Learn important glossary terms when it comes to your court matters.

Table of Contents

1-10

1A DIVORCE - See IRRETRIEVABLE BREAKDOWN.

1B DIVORCE - See IRRETRIEVABLE BREAKDOWN.

10-DAY HEARING - A hearing that must be held within ten days after a court enters a 209A abuse prevention order ex parte, at which the defendant has an opportunity to be heard prior to a decision by the court whether to issue a further order.

30A APPEAL - The Superior Court review of a decision by an administrative agency pursuant to G.L. c. 30A. These appeals are “on the record,” i.e., based on the record of the proceeding before the administrative agency. In most cases, no new evidence is permitted. The court has the authority to affirm, remand, vacate or reverse the agency's decision. The Housing Court also has 30A jurisdiction in certain cases.
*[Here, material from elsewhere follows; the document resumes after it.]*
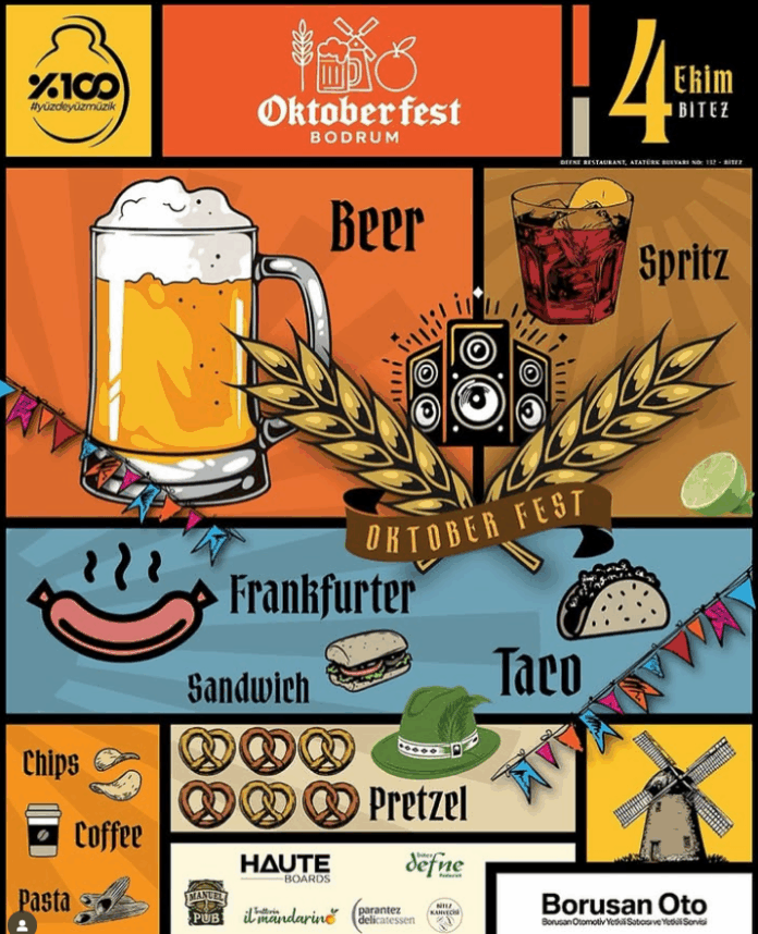 Almanların geleneksel bira ve yiyecek festivali Oktoberfest, Bodrum’un Bitez Mahallesi’ne taşınıyor. Bitez Restaurant önünde düzenlenecek olan bu renkli festival, 4 Ekim Cumartesi günü misafirlerine tam bir lezzet ve eğlence şöleni sunacak.

58A HEARING - See DANGEROUSNESS HEARING.

72-HOUR HEARING - A court hearing that must be held within seventy-two hours after a court grants emergency custody of a child to the Department of Children and Families (or another agency or individual) in a care and protection case.

209A - G.L. c. 209A is the Commonwealth's abuse prevention statute, intended to protect people from domestic violence. It applies to "family or household members," defined as people who are or were married to each other, are or were residing in the same household, are or were related by blood or marriage, have a child together, or are or have been in a "substantive dating or engagement relationship." Under c. 209A, the court can issue a civil restraining order requiring, inter alia, that the defendant refrain from abusing the victim, vacate the home, have no contact with the victim and turn all firearms and firearms identification cards in to local police. Although the order, often referred to as a "209A" or a "209A order," is a civil order, violation of some provisions of the order is a crime. The District Court Department, the Boston Municipal Court Department, the Probate and Family Court Department and the Superior Court Department all have jurisdiction to issue orders under c. 209A, although the Superior Court Department cannot issue orders to people whose only connection to the batterer is a "substantive dating or engagement relationship." An ex parte order may also be issued in an emergency situation when the courts are not open.

210 CASE - See TERMINATION OF PARENTAL RIGHTS.